Temperatures at the North Pole rose above freezing on Wednesday — 20oC above the mid-winter norm and the latest abnormality in a season of extreme weather events.
Canadian weather authorities blamed the temperature spike on a freak depression which has already brought record Christmas temperatures to North America and lashed the UK with winds and floods. The deep low pressure area is currently looming over Iceland and churning up hurricane force 138kph winds and 9m waves in the North Atlantic Ocean, while dragging warm air northwards.
“It’s a very violent and extremely powerful depression, so it’s not surprising that hot temperatures have been pushed so far north,” Canadian government meteorologist Nathalie Hasell said. “This deep depression has pushed hot air as far as the North Pole, where temperatures are at least 20 degrees above normal, at around freezing point, between zero and two degrees.”
Photo: AFP
US scientists from the North Pole Environmental Observatory said that the temperatures had climbed suddenly.

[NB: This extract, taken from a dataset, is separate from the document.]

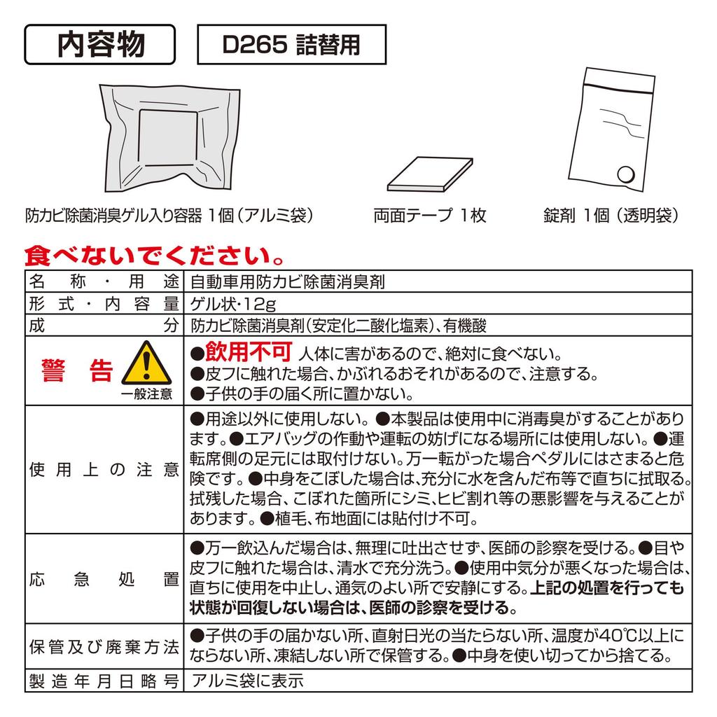 CARMATE Дезодоратор для автомобиля Премиум Стабилизированный диоксид хлора Действует 90 дней D266 Против плесени, Антибактериальный, Dr.DEO Тип с креплением на ножку/Заправка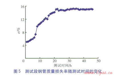 由測試結(jié)果可知,發(fā)生銹蝕前測試段外直徑D1為73.8mm,電化學(xué)加速銹蝕結(jié)束后測試段鋼管不包含銹蝕層的外直徑D1為72.8mm,代入式(2)可計(jì)算得到電化學(xué)加速銹蝕結(jié)束后測試段鋼管質(zhì)量損失率e為0.149,此時(shí)傳感段光纖的應(yīng)變?yōu)?span lang="EN-US">2161.0×10-6。由式(7)可計(jì)算得到,由銹蝕導(dǎo)致的測試段體積膨脹率h為l.16。設(shè)定在鋼管發(fā)生銹蝕后h保持不變,則可由布里淵分析儀讀取的傳感段光纖應(yīng)變及式(7)計(jì)算得到各時(shí)刻測試段鋼管質(zhì)量損失率。測試段鋼管質(zhì)量損失率隨測試時(shí)間的變化見圖5。

An Arctic monitoring point 300km from the Pole that had been recording minus-37oC on Monday had shot up to minus-8oC by Wednesday, senior researcher James Morison said.
The polar region is the area of the world that has seen the most profound effects of climate change in recent decades.
Average year-round temperatures in the Arctic are 3oC higher than they were in the pre-industrial era, snowfall is heavier, winds are stronger and the ice sheet has been shrinking for 30 years.
However, it would be hasty to pin this week’s extreme weather directly on the human-induced climate change phenomenon, rather than on a discreet anomaly.
Hasell said that Canada has not kept complete records of North Pole weather, but that it was nonetheless “bizarre” to see such high temperatures on the ice pack in the middle of its long night.
After tormenting the North Atlantic, the depression is expected to head towards Russia’s Siberia, where the inhabitants can expect a heatwave of sorts.
In Canada, the capital of the Nunavut territory of the native Inuit, Iqaluit, celebrated a relatively balmy Christmas when temperatures rose to minus-4.6oC — up from an average of minus-21oC.
Baffin Island, better known for its snow and ice, experienced unheard of rainfall in December, Canadian Ministry of the Environment spokesman David Phillips said.
“It’s doubtless the El Nino effect, venturing further north,” he said, referring to a tropical Pacific weather phenomenon that reoccurs every four to seven years in more southerly climes.
Last year’s El Nino is regarded as perhaps the most powerful in a century and, combined with the effects of climate change, it has generated storms, floods and droughts in Central America and beyond.
Dozens of Americans were killed in rare, late season tornados in the southern US before Christmas, and then the hot El Nino air was dragged north along the Atlantic coast bringing T-shirt weather to normally frigid cities.